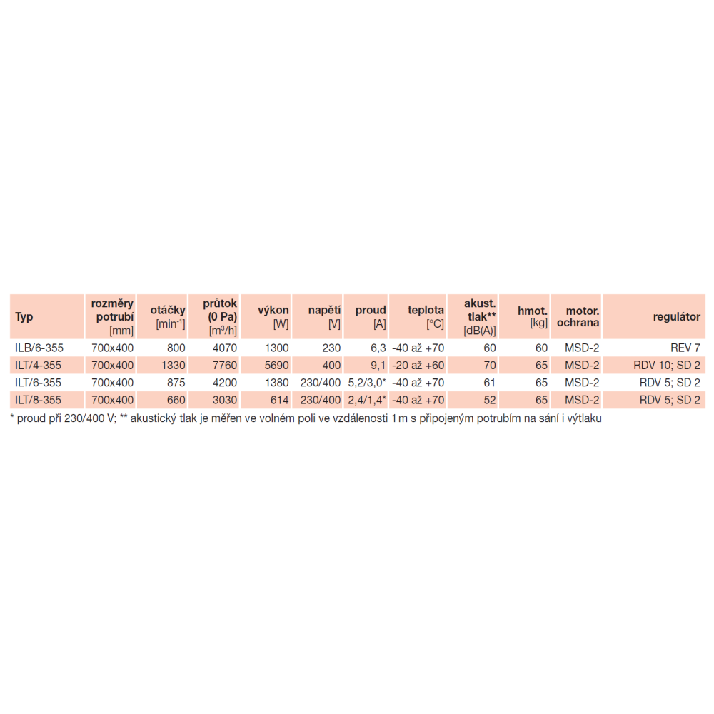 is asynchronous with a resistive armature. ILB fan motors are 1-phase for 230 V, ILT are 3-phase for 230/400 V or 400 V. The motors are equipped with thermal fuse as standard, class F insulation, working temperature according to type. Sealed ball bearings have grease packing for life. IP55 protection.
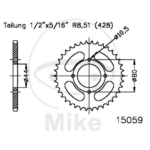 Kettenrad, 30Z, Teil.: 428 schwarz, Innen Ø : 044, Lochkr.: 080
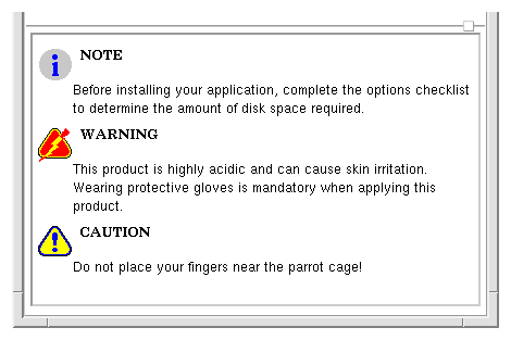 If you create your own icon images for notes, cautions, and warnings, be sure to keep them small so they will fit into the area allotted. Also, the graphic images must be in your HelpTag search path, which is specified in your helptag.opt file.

*WHAT IS NEEDED*
Line by line, return the listing above exactly, leaving out its pictures.

*TASK RESULT*
 is asynchronous with a resistive armature. ILB fan motors are 1-phase for 230 V, ILT are 3-phase for 230/400 V or 400 V. The motors are equipped with thermal fuse as standard, class F insulation, working temperature according to type. Sealed ball bearings have grease packing for life. IP55 protection.
 Kettenrad, 30Z, Teil.: 428 schwarz, Innen Ø : 044, Lochkr.: 080
 If you create your own icon images for notes, cautions, and warnings, be sure to keep them small so they will fit into the area allotted. Also, the graphic images must be in your HelpTag search path, which is specified in your helptag.opt file.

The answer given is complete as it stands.